In 302, one of the ascertained implementation variants is selected according to a user input (e.g. text input or click on a corresponding display element) that specifies a selection from the subset.

In 303, the selected implementation variant is stored in the data processing device (so that it can be executed there, e.g., it is transmitted from a computer system carrying out the above steps to the data processing device and stored there, e.g. by a flash process).

The provision of the neural network on the data processing device comprises the implementation according to various embodiments or is given thereby in various embodiments (storing the implementation variant in the data processing device can also be regarded as provision and in particular implementation of the implementation variant (or the neural network according to the implementation variant) on the data processing device).

According to various embodiments, the subset forms a Pareto surface in the set of (e.g., possible or available or provided) implementation variants.

The method of FIG. 3 may be performed by one or more computers with one or more data processing units. The term “data processing unit” may be understood as any type of entity that enables processing of data or signals. The data or signals can be treated, for example, according to at least one (i.e. one or more than one) special function which is performed by the data processing unit. A data processing unit can comprise or be formed from an analog circuit, a digital circuit, a logic circuit, a microprocessor, a microcontroller, a central processing unit (CPU), a graphics processing unit (GPU), a digital signal processor (DSP), an integrated circuit of a programmable gate array (FPGA) or any combination thereof. Any other way of implementing the respective functions described in more detail herein may also be understood as a data processing unit or logic circuit assembly. One or more of the method steps described in detail here can be executed (e.g. implemented) by a data processing unit by one or more special functions that are performed by the data processing unit.

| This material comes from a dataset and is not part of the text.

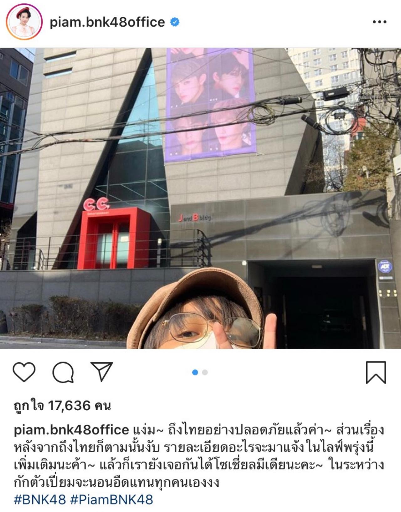 และทางไอดอลสาวก็ได้ออกมาอัปเดตในอินสตาแกรมของตัวเองเพื่อให้แฟนคลับหายเป็นห่วงพร้อมแคปชั่นว่า “แง่ม ถึงไทยอย่างปลอดภัยแล้วค่า ส่วนเรื่องหลังจากถึงไทยก็ตามนั้นงับ รายละเอียดอะไรจะมาแจ้งในไลฟ์พรุ่งนี้เพิ่มเติมนะค้า แล้วก็เรายังเจอกันได้โซเชี่ยลมีเดียนะคะ ในระหว่างกักตัวเปี่ยมจะนอนอืดแทนทุกคนเองงง #BNK48 #PiamBNK48”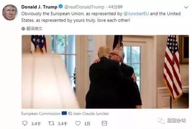 畢竟,到訪美國(guó)的歐盟委員會(huì)主席容克,不僅得到了美國(guó)媒體濃墨重彩的報(bào)道,更在特朗普的推特上,將白宮玫瑰園的浪漫延續(xù)了下去——《經(jīng)濟(jì)學(xué)人》給這次見(jiàn)面取了個(gè)唯美貼切的標(biāo)題:Sealed with a kiss(以吻封緘)。(哈哈哈,莫名覺(jué)得這首歐美經(jīng)典情歌用在這里居然有說(shuō)不出的貼切,《經(jīng)濟(jì)學(xué)人》取標(biāo)題的能力也真是要給個(gè)大寫的服字?。?/p>

The method is therefore in particular computer-implemented according to various embodiments.

The approach of FIG. 3 serves to provide a neural network on a data processing device, which then executes it and generates a control signal for a robot device for example on the basis of an output of the neural network (e.g., an object detection). The term “robot device” may be understood to refer to any technical system (comprising a mechanical part whose movement is controlled), such as a computer-controlled machine, a vehicle, a household appliance, a power tool, a manufacturing machine, a personal assistant or an access control system. A control rule for the technical system is learned, and the technical system is then controlled accordingly.

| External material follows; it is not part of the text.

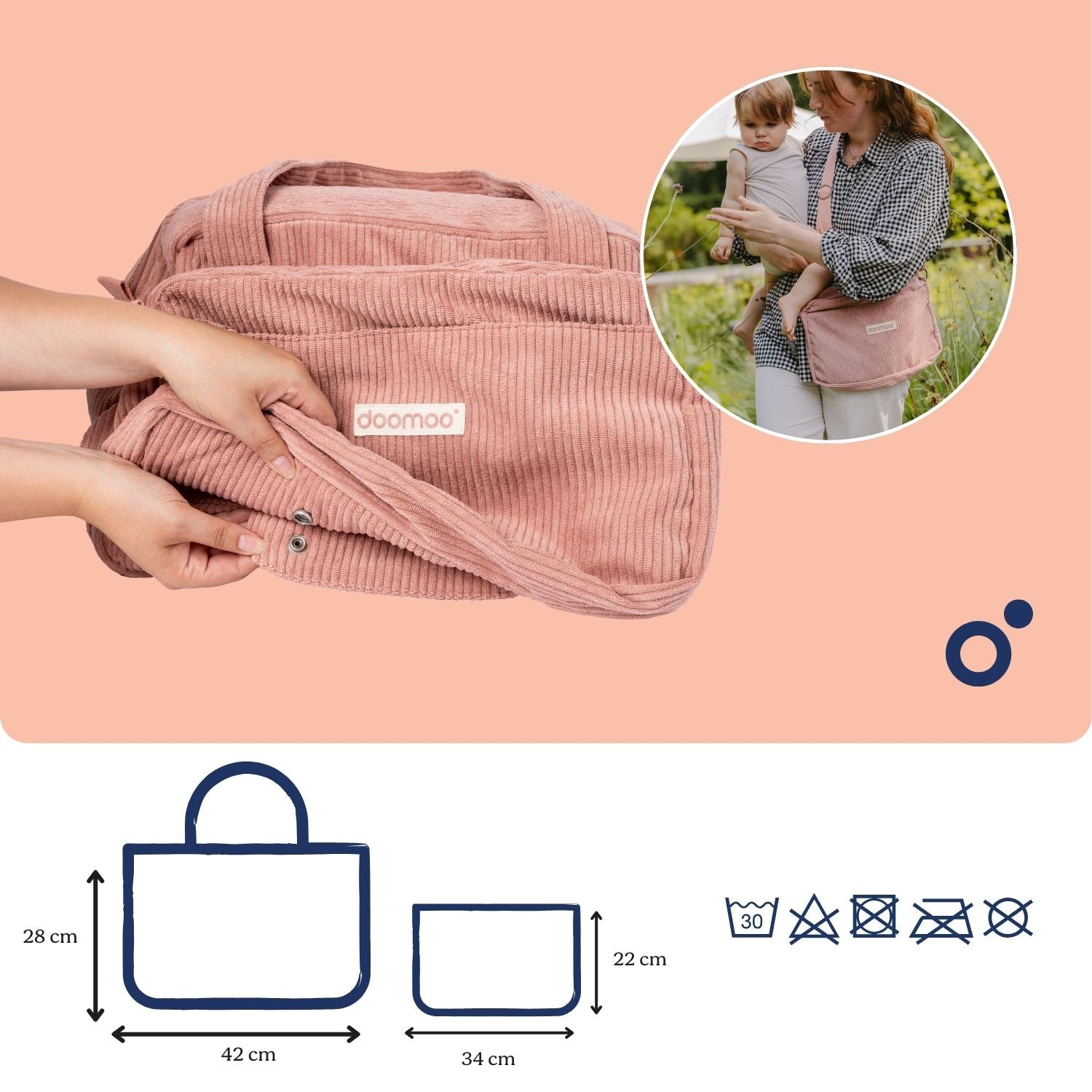 Doomoo torba za mame Corduroy Pink

For example, the neural network can process sensor signals from different sensors, such as video, radar, LiDAR, ultrasound, motion, thermal imaging, etc., for example in order to obtain sensor data regarding states of a system to be controlled (e.g., a robot and objects in its surroundings). The processing of the sensor data can comprise for example the classification of the sensor data or the performance of a semantic segmentation of the sensor data, for example in order to detect the presence of objects (in the environment in which the sensor data were obtained). For example, a robot can thus be controlled by means of the neural network, for example in order to achieve different manipulation tasks under different scenarios. In particular, embodiments are applicable to the control and monitoring of the performance of manipulation tasks, for example, in assembly lines.

Claims

1. A method for providing a neural network on a data processing device, comprising the following steps:

ascertaining, from a set of implementation variants of the neural network, a subset with a plurality of implementation variants of the neural network, wherein each implementation variant of the subset cannot be improved with respect to any of main memory requirement, non-volatile memory requirement, and execution time, when executed on the data processing device, without impairing at least one of the other two of the main memory requirement, the non-volatile memory requirement, and execution time, and the subset, for each of the main memory requirement, the non-volatile memory requirement, and the execution time, when executed on the data processing device, contains at least one particular implementation variant that is optimal in this respect from the set of implementation variants;

selecting one of the ascertained implementation variants according to a user input that specifies a selection from the subset; and

storing the selected implementation variant in the data processing device.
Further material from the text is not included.